10.Clinical significance of PCT,DD,and CRP levels in patients with infection in acute-on-chronic liver fail-ure
Liming TAN ; Yimei MENG ; Tingting LONG ; Xiaolin GUAN ; Sifan WU ; Wei ZHENG ; Huiying FU ; Qiaohua WANG ; Yang WU ; Tingting ZENG ; Yongjian TIAN ; Jianlin YU ; Juanjuan CHEN ; Hua LI ; Lip-Ing CAO ; Hui XU
The Journal of Practical Medicine 2018;34(3):410-415
Objective To investigate the clinical diagnostic value of serum procalcitonin(PCT),D-dimer (DD),C-reactive protein(CRP)in acute-on-chronic liver failure(ACLF). Methods 124 ACLF patients, 63 chronic hepatitis B patients,32 chronic hepatitis C patients,24 chronic hepatitis E patients and 60 healthy controls from the second affiliated hospital of Nanchang University were enrolled in this study.PCT was detected by a sandwish immunodetection method.
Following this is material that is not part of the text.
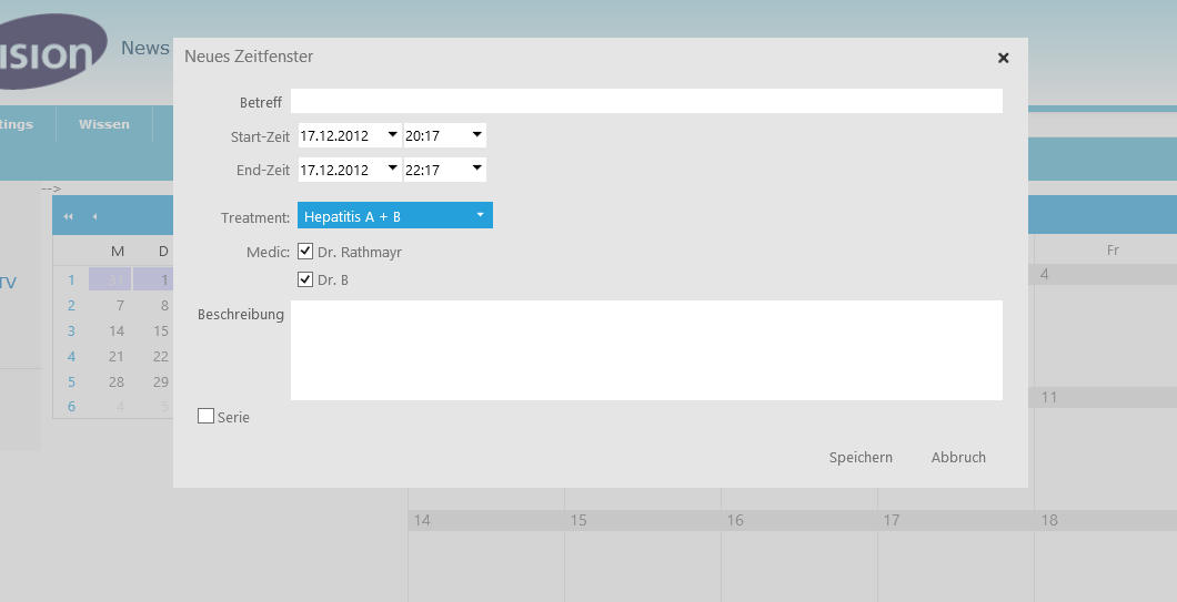 <telerik:RadScheduler ID="RadScheduler1" runat="server" SelectedView="MonthView" Culture="de-DE" FirstDayOfWeek="Monday" Height="800px" Width="100%" HoursPanelTimeFormat="H:mm" MinutesPerRow="5" TimeLabelRowSpan="3" TimeZoneID="W. Europe Standard Time" TimeZoneOffset="01:00:00" OverflowBehavior="Expand" ColumnWidth="17%" WorkDayStartTime="09:00:00" WeekDayEndTime="18:00:00" DataEndField="DtmEnd" DataKeyField="ID" DataStartField="DtmStart" DataSubjectField="Name" DataDescriptionField="Description" DataRecurrenceField="RecRule" DataRecurrenceParentKeyField="ID" OnClientAppointmentInserting="OnClientAppointmentInserting" Skin="Metro" AppointmentStyleMode="Default" OnAppointmentDataBound="RadScheduler1_AppointmentDataBound" OnAppointmentCreated="RadScheduler1_AppointmentCreated" EnableDescriptionField="True" OnFormCreated="RadScheduler1_FormCreated" EnableExactTimeRendering="True" DisplayRecurrenceActionDialogOnMove="True" WorkDayEndTime="18:00:00" ShowNavigationPane="false" OnTimeSlotCreated="RadScheduler1_TimeSlotCreated" OnAppointmentCommand="RadScheduler1_AppointmentCommand" WeekView-UserSelectable="False" DayView-UserSelectable="False" MonthView-UserSelectable="False"> <AdvancedForm Modal="true" Enabled="true" EnableResourceEditing="true" EnableCustomAttributeEditing="true" /> <ResourceTypes> <telerik:ResourceType DataSourceID="SqlDataSourceMedics" ForeignKeyField="Medic" KeyField="ID" Name="Arzt" TextField="Name" /> <telerik:ResourceType DataSourceID="SqlDataSourceTreatment" ForeignKeyField="Treatment" KeyField="ID" Name="Behandlung" TextField="Description" /> </ResourceTypes> <Localization AdvancedNewAppointment="Neues Zeitfenster" AdvancedEditAppointment="Zeitfenster bearbeiten" AdvancedSubject="Betreff" AdvancedDescription="Beschreibung" AdvancedRecurrence="Serie" AdvancedRecurEvery="jeden" HeaderDay="Tag" HeaderMonth="Monat" HeaderTimeline="Zeitlinie" HeaderToday="Heute" HeaderWeek="Woche" Save="Speichern" Show24Hours="24 Stunden Ansicht" ShowBusinessHours="Arbeitszeit Ansicht" /><AppointmentTemplate> <b><%# Eval("Subject") %></b> <br /><br /> <asp:Label runat="server" ID="lblTreatments"></asp:Label> <br /><br /> <asp:Label runat="server" ID="lblMedic"></asp:Label></AppointmentTemplate></telerik:RadScheduler>and here is the code behind:

D-dimer was detected by Latex Turbidimetry. CRP was detected by rate nephenometry. The detection results were used for analyzing the clinical diagnostic value of ACLF with infection. Results(1)The level of PCT,DD and CRP in ACLF group were significantly higher than non-ACLF group and healthy controls(P<0.05).The levels of PCT,DD and CRP in the infection group were significantly higher than non-infection group(P<0.05).(2)The positive rates of PCT,DD and CRP in the infection group were 93.24%, 78.38%,89.19%,which were significantly higher than the non-infection group and healthy controls respectively (P < 0.05).(3)The sensitivity(93.24%)and specificity(90.00%)of PCT were the highest among all indexes. (4)The area under the ROC curve of PCT,DD,CRP were 0.892,0.715,0.755,respectively.PCT had the highest diagnostic value. Conclusion The levels of serum PCT,DD and CRP have a significant clinical value for the early diagnosis of ACLF with infection.